Szefowa resortu funduszy i polityki regionalnej Katarzyna Pełczyńska-Nałęcz powinna bać się o swoje stanowisko – wynika z informacji Onetu. To pokłosie burzy wokół dotacji przyznanych z Krajowego Planu Odbudowy w branży hotelarsko-gastronomicznej. Szef rządu w trakcie dzisiejszej konferencji prasowej zasugerował, że rozważa dymisje w związku z tą historią.
Burza wokół dotacji dla branży hotelowo-gastronomicznej wybuchła rządowi jak przypadkowo odbezpieczony granat. Uderzenie jest mocne, bo odblokowanie KPO było jedną z pierwszych obietnic koalicji 15 października, gdy ta przejmowała władzę. I była to obietnica zrealizowana.
Komisja Europejska uwolniła środki dla Polski, mimo iż nasze ustawodawstwo w zakresie wymiaru sprawiedliwości nie zmieniło się nawet o jotę. Bruksela wzięła za dobrą monetę obietnicę, pomijając fakt, że nad Wisłą skończą się praktyki zmierzające do ograniczenia niezawisłości sędziów.
To, co w piątek wydawało się tylko nieporadną wrzutką PR, w weekend urosło do rozmiarów kryzysu. Mapa beneficjentów brażny HoReCa z rządowej strony KPO — z projektami od jachtów, przez sauny i meble, aż po wirtualne strzelnice — znikła z oficjalnej strony internetowej ministerstwa na długie godziny, ale w sieci żyła już własnym życiem. To wystarczyło, by wywołać wrażenie, że państwo finansuje „luksusową dywersyfikację”.
„Tusk ma ją teraz na widelcu”
W poniedziałek Donald Tusk podbił polityczną stawkę tej historii. Zapowiedział, że po wtorkowej, szczegółowej informacji minister funduszy „podejmie decyzje, jeśli trzeba — także personalne”. Jednocześnie studził emocje, mówiąc, że nie ma sygnałów o kradzieży czy korupcji, a problem dotyczy raczej „beztroskiego wydawania pieniędzy”.

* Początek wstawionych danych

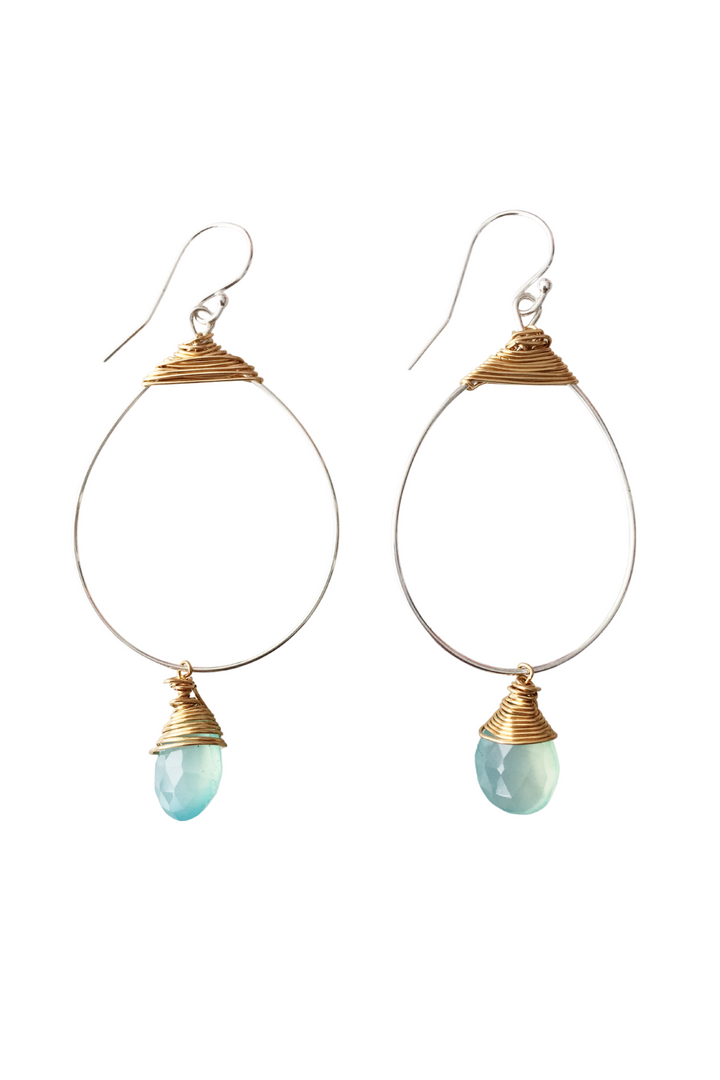 Handcrafted with a sterling silver hoop wrapped in 14k gold fill wire, featuring a chalcedony stone drop. Measures 2 inches (45mm) in diameter. Hypoallergenic and made with high-quality plating for long-lasting wear. Handmade in Sausalito, California.

Tyle że w kampanii rząd obiecywał nie tylko odblokowanie KPO, ale też żelazną kontrolę wydatków. Teraz rachunek wystawiany jest właśnie za kontrolę. I mało kto już pamięta, że to działania PiS w zakresie praworządności blokowały uruchomienie tych pieniędzy.
— Pani minister [Katarzyna Pełczyńska-Nałęcz] odpowiada za te działania. Jutro na rządzie pewnie długi, długi czas będzie tłumaczyła każdy z elementów tych procedur. Będzie mówiła też o tym, co zrobiła jako nadzorująca ten resort. Po tej informacji będę miał materiał wystarczający, żeby podjąć decyzje, także personalne. Nie zamierzam nikogo straszyć na konferencji prasowej, ale jeśli uznam, że ktoś zawiódł także na poziomie politycznym, to poniesie tego konsekwencje — oznajmił premier Donald Tusk w poniedziałek podczas konferencji prasowej w Bydgoszczy.
— Tusk ma ją teraz na widelcu. Jeżeli nie wyrzuci jej teraz, to lepszej okazji nie będzie — słyszymy w rządzie.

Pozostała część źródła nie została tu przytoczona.